Since losing her mother at an early age, she had already pressured her younger siblings to leave school once. However, persevering, she entered a school run by the Azad India Foundation in her village and obtained access to class VIII school. She was not ready to give up easily, but instead, her father wanted her to marry, which created a lot of stress at home. After its repeated conviction, Tamanna’s dad decided that the marriage will be postponed to Class X for a period of at least two years.
However, he can change his mind once again with her lockout. “I must admit that I have faced great problems reaching my village school. Marriage is going to push me to abandon everything I love. I will benefit and contribute if I can finish my studies.” she said.
The lockdown has adversely affected the finances of her family. “I understand that my father has faced hard times,” she always goes through. I want to help him reach ends, but I do not want my studies to be abandoned.” This problem is troubling for Tamanna at night.
Lucy, a 15-year old from nearby Milik Basti, has had the same problem. His father, a landless worker, earns little to feed his family. At a young age, he married his two eldest girls to avoid the pressure of a hefty dowry. His two sons (both younger than Lucy) go to formal colleges, and another son is a religious scholar from Madraze. In between, the education of Lucy hangs in the balance.
After struggling for a place within the village learning center, her parents and the community consistently opposed her attempt to attend school for different reasons, including the distance from the home of the school.
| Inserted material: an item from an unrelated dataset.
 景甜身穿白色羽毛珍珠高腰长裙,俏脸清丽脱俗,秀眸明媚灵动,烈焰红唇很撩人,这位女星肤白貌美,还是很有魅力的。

Nevertheless, Lucy continues to pursue her education. “I worked really hard, she said. My parents know, too, that I take my studies seriously. Before I go to school, I try to help my mother finish household jobs.” Lucy’s younger sisters also began to go to the learning center after her continuous continuation.
But the pandemic closed schools and educational centers indefinitely. The girls worked in and out of their fields. They could not study because most of them have no book access. Most have no access to smartphones and internet connectivity that can make online learning a possibility. This situation is unprecedented and also affects the mental health of both children and adults.
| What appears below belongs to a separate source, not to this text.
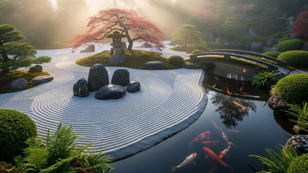 A tranquil Japanese Zen garden features meticulously raked white sand, a calm pond with colorful koi fish, and a stone lantern under a red maple tree.

The benefits of a girl’s education are many and can lead to a stable and inclusive community. The most successful way to learn the skills required for work and life, particularly in formal secondary education, is to develop them.
The social factors that impede women’s labor market participation will counteract quality education. Education raises the salaries of women by 15-25% later in life. 1% higher education for women increases the GDP average by 0.37%.
We also need to make sure that, as a government and a community, we urge girls to go to schools and learning centers after COVID-19. This unprecedented situation was unfair to all, but girls of the lower strata of society were affected most badly. Government and civil society must continue to advocate for digital inclusion before all children are protected.
The first step towards ensuring post-COVID 19 girl education should be to return to school for girls. Increased funding in the educational sector could encourage parents to enable girls to attend education so that they can find opportunities and a sense of empowerment. This will guarantee a revolution, where each woman will empower a whole town, culture, country, and eventually the world as each woman springs up. Let our girls stand up. Let us help girls such as Tamanna, Kushnuma, and Lucy in the struggle for post-COVID Indian Girl education!